Locks test 2011

Share

Beat bike thieves with the right lock. With the help of the police, Rowan Lamont and Simon Vincett broke a range of locks to find the best.

Cheap cable lock broken with a hammer

It’s estimated that hundreds of thousands of bikes are stolen each year in Australia, and with more people riding that number is likely to increase. But choosing a good lock does a lot to prevent your bike being part of these sad statistics.

For the most up-to-date results see the 2016 test.

With the help of two police officers from the Melbourne West Bike Patrol, Ride On broke a range of new locks using the most common methods employed by crooks. Thinking like thieves, we used techniques that were quick, simple and least likely to draw attention to ourselves. If a lock showed resistance, we increased the severity of the tools and techniques we used.

It was shocking how simply and quickly some locks yielded.
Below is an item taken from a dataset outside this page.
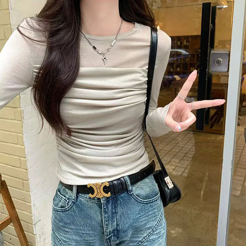 Y2K Long Sleeve Mesh Women T Shirt Spring Fashion Sexy O Neck Slim Female Tops Korean Chic Folds Cropped Bottoming Tees New

However, it was good to find that some mid-priced locks provided good protection and, therefore, represented very good value for money. You can view below the results of all 16 locks tested.

D-locks remain the best protection available, yielding only to an angle grinder. Some of the thicker and more expensive cable locks are difficult to break, though they can all eventually be cut through with bolt cutters.

As rule of thumb, the thicker the lock – the shackle, cable or chain link – the harder the lock is to break. Though, as the saying goes, the lock is only as strong as its weakest link: check for thin or weak points. Beware also that some cable locks seem thick on the outside but actually have just a thin, easily cut cable inside.

We found seemingly insignificant features help to make some locks a real pain to break into. A soft silicone cover on cables interfered with our cutting tools, and some more expensive cables had a combination of metal strands of different toughness which added another level of inconvenience.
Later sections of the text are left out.